Be in no doubt that the controls proposed by SEPA are small and are highly unlikely in themselves to protect wild salmonids from salmon farm sea lice – but they are better than nothing.

However, the reaction of the fish farmers shows this appalling industry in its true colours.

The industry is now in open revolt against SEPA and has issued 210 formal appeals to Scottish Ministers, drowning the Scottish administration in reams of paperwork signed off by large corporate law firms – click here to find out more.

Those appeals will be heard by the Planning and Environmental Appeals Division of the Scottish Government (known as the DPEA). You can search for the appeal documents here: Scottish Government – DPEA – Case List

WildFish lawyers have already submitted a detailed representation against the appeals and we urge all fisheries and conservation bodies to stop any form of co-operation with the industry while these appeals continue.

River Chess abstraction

WildFish wrote to the Environment Agency in September last year when it discovered that the abstraction licence on the River Chess had been resurrected, apparently  to manage flood risk, under a secretly formulated “section 20 agreement” between the water company and the Agency.

After we contacted the Agency, it  provided copies of a frankly inadequate environmental assessment prepared after we sent our letter. But the Agency agreed to put the agreement on hold.

But there seems to be a happy ending for the Chess.

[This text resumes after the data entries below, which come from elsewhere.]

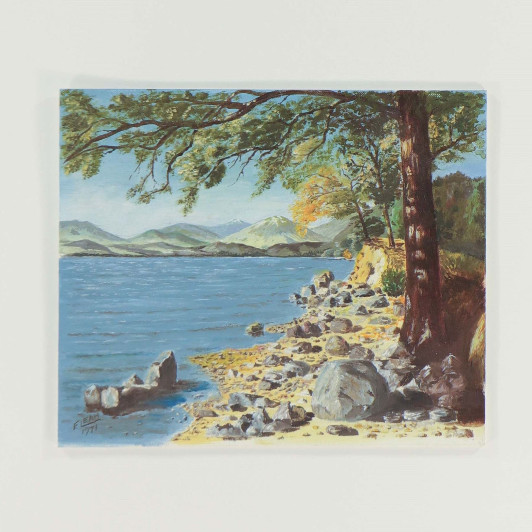 Frank Leah (attrib.) — Shore of Loch Venachar, Trossachs (oil on board), 1971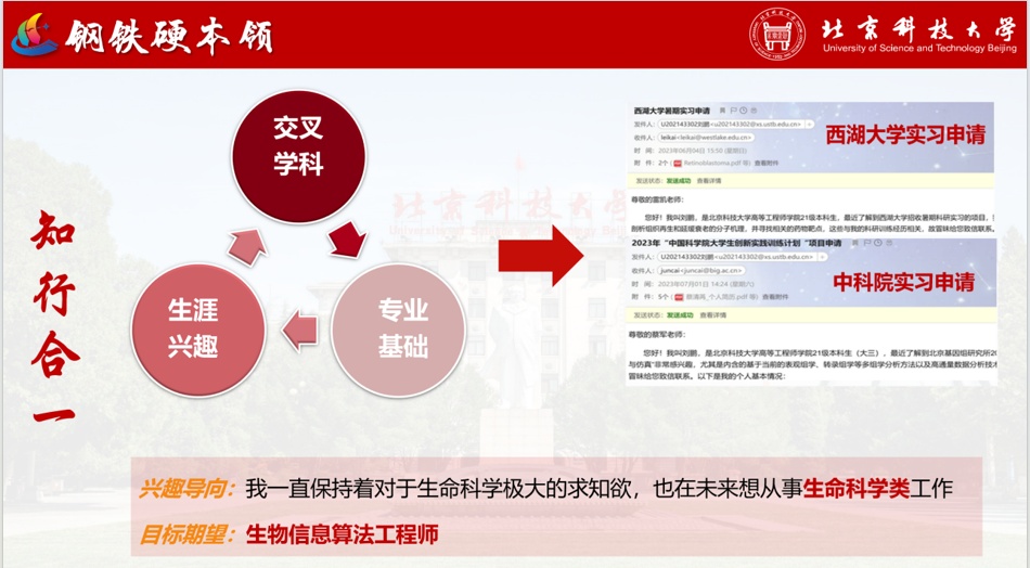 面向岗位需求,刘鹏制定了三步走的发展规划,本科阶段,立足专业基础知识,通过竞赛和科研,探索计算生物前沿领域,在大三下学期计划保研到相关的计算生物学科研院所,并在大四时期寻找一份计算生物学相关实习。硕士期间,将计划以生物学问题为导向,以人工智能技术为依托,并期望在毕业时能够成为一名满足目标岗位需求,服务国家重大战略的优秀的生物信息算法工程师。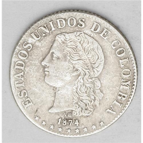 <B>Republic Decimo 1874/3-AB Medellin, </B></I>KM151.2, very nice VF, strong details and a rare one-year type.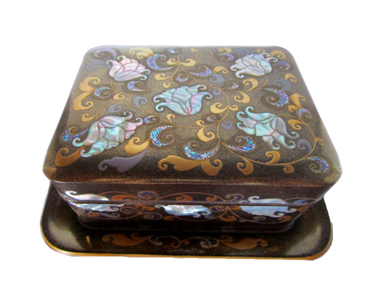 蒔絵の技法には粉の粒子が荒かった平安時代まで主流であった研出蒔絵や、平蒔絵、高蒔絵、研出蒔絵と高蒔絵を同時並行で制作する肉合蒔絵、卵殻蒔絵などいろいろな技法があります。 -

The Agency is now proposing to revoke the licence for abstraction from Chesham Pumping Station, with a promise that there will be no further abstraction and an admission that flow and flood risk are “particularly complex”.

We now just need to get to the bottom of what is happening on the other rivers where the same methodology has been applied. Watch this space.

Housebuilding in Buckinghamshire

We have just sent a formal “letter before action” to Buckinghamshire Council, copying in Anglian Water and the housebuilder, to put the Council on notice of a forthcoming legal challenge to house-building plans where we consider that there is inadequate and insufficient sewage treatment capacity to support the proposed new houses.

We argue in our letter that the Council has simply got it wrong in approving “reserved matters” such as how sewage from the development would be dealt with at the over-stretched and failing ‘water recycling works’ at Buckingham, after Ofwat has refused to approve investment at the works. Crucially, the decision by the Council contains errors of law including swapping-in an amended and more lenient condition from a separate planning permission and failing to screen for environmental impact.

This seems to us to be a case which illustrates perfectly just how poorly the planning system currently considers whether there is sufficient sewage treatment capacity when permissions are granted for large numbers of new houses.

We will now be considering taking the next step: lodging a formal claim at the High Court.  

The Cunliffe Review

We have submitted our response to the Water Commission’s “Call for Evidence” which can be found here [link].

In short, we believe that the consultation is far too broad and confuses countless aspects of the water industry, often with random and generalised references and very little close scrutiny.  The inquiry involves areas that we believe are way beyond the remit of a water industry review, including possible changes to the Water Framework Directive (WFD), hinting at an attempt to  dilute the obligations under WFD that water bodies should meet what is termed ‘good ecological status’.

Overall, we do not agree that the system is “broken” or that the time is right to call for re-nationalisation. WildFish believes that the solution is far more ‘boring’. Simply put, the regulators need to do their jobs properly, by implementing and enforcing the existing law.

By and large, the goals of protecting the environment and ensuring sufficient supply of water and treatment of sewage can be attained  by using existing law, perhaps with some strengthening and minor alterations to the law.

We do not need and can ill-afford a prolonged and major upheaval in the system.